> **ACTIVITY**
Word for word, return the lines below from the first through the line that has "Hyundai Santro Magna", dropping the pictures.

> **COLLECTED MATERIAL**
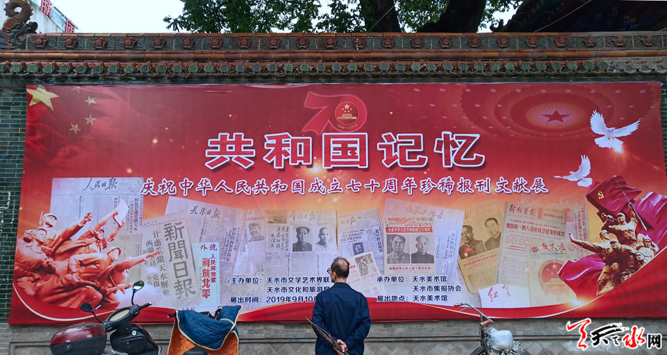 天天天水网讯【记者 张文都 实习生 巩丽珍】9月11日,由天水市文学艺术界联合会、天水市文化和旅游局主办,天水美术馆、天水市集报协会承办的《庆祝中华人民共和国成立七十周年珍稀报刊文献展》在天水美术馆隆重开展。一千多张承载着历史记忆的老报纸向新中国成立七十周年华诞献上了一份厚礼。
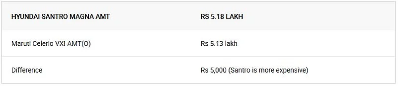 Hyundai Santro Magna AMT vs Maruti Celerio VXI AMT(O)
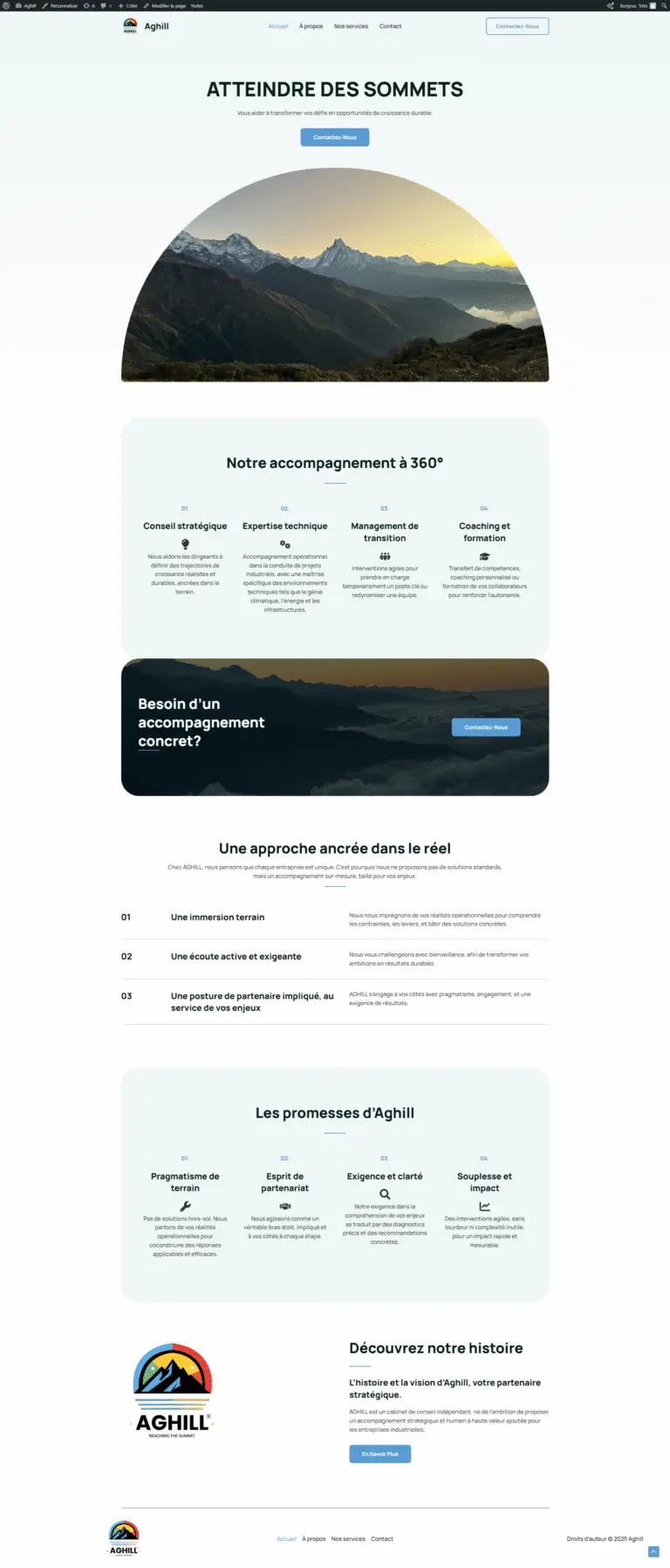 La conception du site a débuté par la réalisation des maquettes UX/UI sur Figma, en privilégiant une arborescence simple, une hiérarchie claire de l’information et une mise en page axée sur la lisibilité. Le développement a ensuite été réalisé avec WordPress, à l’aide du constructeur Elementor, pour garantir un rendu professionnel, responsive et facilement administrable. Le site se compose d’une page d’accueil mettant en valeur les services d’Aghill, d’une section dédiée aux prestations, d’une explication du processus d’accompagnement, ainsi que d’un appel à l’action stratégique facilitant la prise de contact.

> **SOLUTION**
 天天天水网讯【记者 张文都 实习生 巩丽珍】9月11日,由天水市文学艺术界联合会、天水市文化和旅游局主办,天水美术馆、天水市集报协会承办的《庆祝中华人民共和国成立七十周年珍稀报刊文献展》在天水美术馆隆重开展。一千多张承载着历史记忆的老报纸向新中国成立七十周年华诞献上了一份厚礼。
 Hyundai Santro Magna AMT vs Maruti Celerio VXI AMT(O)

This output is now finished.